Attorney Andrew Cohen analyzes legal issues for CBS News and

Like the good politician that he is, Attorney General Eric Holder last week evaded a point-blank question about the advisability of a "Truth and Reconciliation Commission" that would broadly investigate America's descent into torture both as a technique and as a policy in the war on terrorism. Even in the immediate wake of a shockingly-detailed Red Cross report on America's post-Sept. 11 torture practices, Holder deftly tossed the potato not to his boss in the White House, but to the Chairman of the Senate Judiciary Committee, Patrick Leahy (D-Vt.).

Sen. Leahy is famously on the record as favoring such a commission - but only if the Republicans play along. Leahy blames the GOP for labeling any sort of official review of our torture policies as a post-hoc witch hunt. But he also blames human rights organizations for pushing too loudly for criminal charges for former officials. And therein lays the genius of a blue-ribbon, bipartisan panel on torture policy; it's the most reasonable compromise offering the best possible outcome for the most people on the still-contentious political, legal, moral and ethical issue of why we tortured before - and whether we should again.

Despite a slew of recent coverage summarizing the damming Red Cross report, the notion of prosecuting the men who engaged in torture, or the lawyers and bureaucrats who blithely authorized them, still has little legal or political traction here in the United States. Like it or not, American law virtually guarantees the failure of a torture case against, say, former White House counsel.
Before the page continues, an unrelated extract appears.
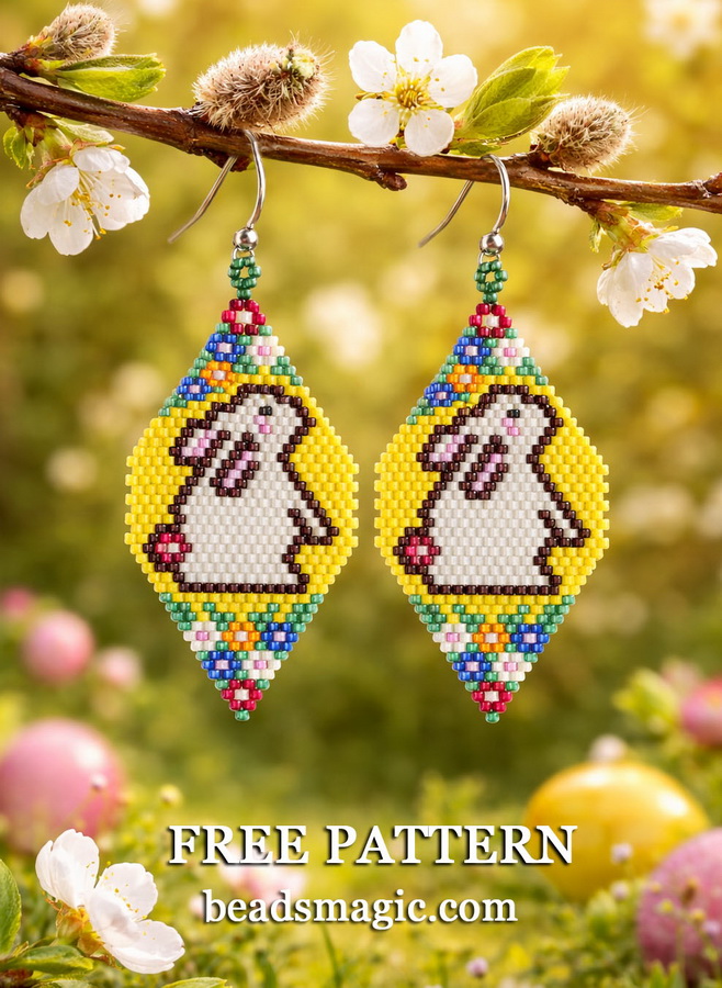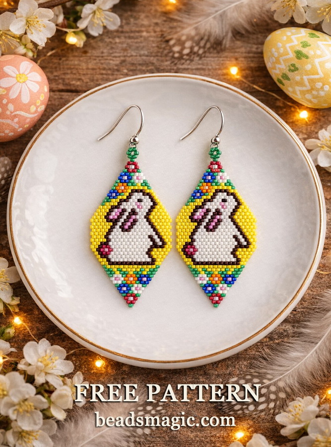 Celebrate the season with these adorable Easter Bunny earrings! This free beading pattern is created using the classic brick stitch technique, making it perfect for both beginners and experienced beaders who enjoy detailed, playful designs.

But in Poland and the United Kingdom, officials reportedly have begun criminal investigations into the past conduct of U.S. officials. And a Spanish magistrate may be ready even as early as this week to indict on torture charges former U.S officials like Alberto Gonzales and Jay Bybee.
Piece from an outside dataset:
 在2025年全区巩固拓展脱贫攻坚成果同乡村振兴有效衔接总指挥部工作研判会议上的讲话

The White House and the Congress shouldn't allow zealous foreign prosecutors, domestic inertia or restrictive legal precedent to determine how the torture debate evolves. It's not enough to declare again, as the Administration did on Friday, an official end to the use of "secret prisons" all over the world. It's not enough to say we will no longer torture or contract out torture to private contractors. We must fully understand why and how we sanctioned torture, and why and how it did or did not ultimately work, so that we may react properly and decisively the next time the question of torture flares up as an option in fight to protect Americans from terrorism.

No foreign prosecution is going to accomplish that goal. And no domestic prosecution is going to get anywhere close enough to trial to make a difference. President Obama and Congress should do the right thing right now and set up a bipartisan blue-ribbon panel - like the well-conceived and brilliantly-executed 9/11 Commission. If the Bush Administration itself could accede to a contemporaneous study of its own negligence and incompetence in the lead-up to Sept. 11, and then ensure such a worthy report as we got from the 9/11 Commissioners, then surely the Obama Administration could and should accede to a fair look-back on torture.
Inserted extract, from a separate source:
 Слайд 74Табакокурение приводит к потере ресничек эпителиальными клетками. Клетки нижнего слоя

Indeed, the current Justice Department has taken several concrete steps toward illuminating the rest of us on some of the Bush-era decisions surrounding the war on terror. We now know, for example, that some Bush officials early on in the fight contemplated drastic restrictions upon our First Amendment and Fourth Amendment rights. We are anticipating the release of more of those legal "memos" that offered justification and rationale for the ugly practices that have done so much damage to our reputation and which may, in the end, have been far less successful than initially claimed.

Taking this concept one step further, the White House and Justice Department must ensure the value of a torture commission by granting use immunity to (and the concomitant power of contempt over) all officials, in and out of government now, who would need to be questioned by members and investigators. Such a bold stroke would break the legal gridlock that has muted Holder and Company, give powerful political momentum to commission advocates like Leahy, and offer President Obama another opportunity to demonstrate the "post-partisanship" for which he wants to be famous. Combine this immunity with a diplomatic initiative to stop those overseas investigations and you've got yourself a winning quinella. Don't wait. Do it now.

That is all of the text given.